- **Dataset records**
:::

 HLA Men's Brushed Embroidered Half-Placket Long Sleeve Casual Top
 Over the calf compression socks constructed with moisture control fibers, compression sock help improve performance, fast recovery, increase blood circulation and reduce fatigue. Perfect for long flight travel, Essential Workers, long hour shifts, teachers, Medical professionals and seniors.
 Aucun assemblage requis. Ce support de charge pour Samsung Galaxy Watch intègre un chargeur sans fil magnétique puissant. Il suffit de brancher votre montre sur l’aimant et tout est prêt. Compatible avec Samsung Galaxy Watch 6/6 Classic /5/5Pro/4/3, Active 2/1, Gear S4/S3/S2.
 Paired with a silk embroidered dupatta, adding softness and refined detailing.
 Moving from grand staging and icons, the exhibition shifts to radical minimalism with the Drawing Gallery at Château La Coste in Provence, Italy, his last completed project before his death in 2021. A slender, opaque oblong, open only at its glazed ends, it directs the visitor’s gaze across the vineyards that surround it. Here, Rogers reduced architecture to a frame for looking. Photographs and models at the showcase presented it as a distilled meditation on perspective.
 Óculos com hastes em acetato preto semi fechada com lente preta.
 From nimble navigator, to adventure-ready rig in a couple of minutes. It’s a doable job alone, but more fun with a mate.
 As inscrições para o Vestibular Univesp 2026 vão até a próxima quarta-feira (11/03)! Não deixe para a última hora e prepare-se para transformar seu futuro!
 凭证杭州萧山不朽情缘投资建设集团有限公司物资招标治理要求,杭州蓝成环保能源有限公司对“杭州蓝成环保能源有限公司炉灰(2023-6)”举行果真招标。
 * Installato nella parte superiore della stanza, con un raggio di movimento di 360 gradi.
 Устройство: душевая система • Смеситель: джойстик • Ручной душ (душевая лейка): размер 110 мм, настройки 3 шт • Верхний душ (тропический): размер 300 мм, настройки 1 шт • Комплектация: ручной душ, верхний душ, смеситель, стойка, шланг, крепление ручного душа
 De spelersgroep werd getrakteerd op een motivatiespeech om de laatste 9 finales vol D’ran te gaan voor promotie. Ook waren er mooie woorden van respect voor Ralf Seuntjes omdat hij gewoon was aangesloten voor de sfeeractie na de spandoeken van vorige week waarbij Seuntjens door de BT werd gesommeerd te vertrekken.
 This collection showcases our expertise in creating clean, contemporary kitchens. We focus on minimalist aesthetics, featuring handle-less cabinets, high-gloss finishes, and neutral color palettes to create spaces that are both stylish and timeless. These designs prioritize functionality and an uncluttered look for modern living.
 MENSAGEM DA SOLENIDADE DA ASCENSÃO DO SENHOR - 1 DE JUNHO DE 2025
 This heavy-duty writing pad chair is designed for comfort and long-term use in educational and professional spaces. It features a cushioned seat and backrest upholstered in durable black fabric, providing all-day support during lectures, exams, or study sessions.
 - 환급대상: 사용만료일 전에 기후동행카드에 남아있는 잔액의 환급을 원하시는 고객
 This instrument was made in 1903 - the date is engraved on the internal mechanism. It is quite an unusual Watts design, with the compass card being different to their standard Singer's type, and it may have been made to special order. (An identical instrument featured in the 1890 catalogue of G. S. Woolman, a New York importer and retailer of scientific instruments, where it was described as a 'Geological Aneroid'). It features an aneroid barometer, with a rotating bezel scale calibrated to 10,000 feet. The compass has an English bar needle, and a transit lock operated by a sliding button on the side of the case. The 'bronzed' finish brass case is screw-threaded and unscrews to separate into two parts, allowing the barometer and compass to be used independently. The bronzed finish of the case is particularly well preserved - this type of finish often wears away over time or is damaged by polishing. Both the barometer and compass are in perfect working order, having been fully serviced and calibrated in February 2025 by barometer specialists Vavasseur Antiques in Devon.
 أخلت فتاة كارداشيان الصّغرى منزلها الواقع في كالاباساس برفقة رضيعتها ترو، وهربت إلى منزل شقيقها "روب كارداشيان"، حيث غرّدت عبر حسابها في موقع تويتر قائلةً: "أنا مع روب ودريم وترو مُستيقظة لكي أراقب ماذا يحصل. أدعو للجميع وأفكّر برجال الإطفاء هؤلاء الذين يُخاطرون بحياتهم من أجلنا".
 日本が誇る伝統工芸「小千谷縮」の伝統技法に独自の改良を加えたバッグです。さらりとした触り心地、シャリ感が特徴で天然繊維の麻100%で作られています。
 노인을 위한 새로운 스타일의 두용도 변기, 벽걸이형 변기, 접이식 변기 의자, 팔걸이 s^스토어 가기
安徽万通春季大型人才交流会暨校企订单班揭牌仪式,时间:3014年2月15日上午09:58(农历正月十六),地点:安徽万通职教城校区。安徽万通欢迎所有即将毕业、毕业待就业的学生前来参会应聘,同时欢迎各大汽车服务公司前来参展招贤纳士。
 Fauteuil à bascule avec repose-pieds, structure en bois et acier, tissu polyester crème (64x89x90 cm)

:::

- **Problem to work on**
The answer must be a single number: the count of lines in the data that include the word "spaces".

- **Result of this exercise**
2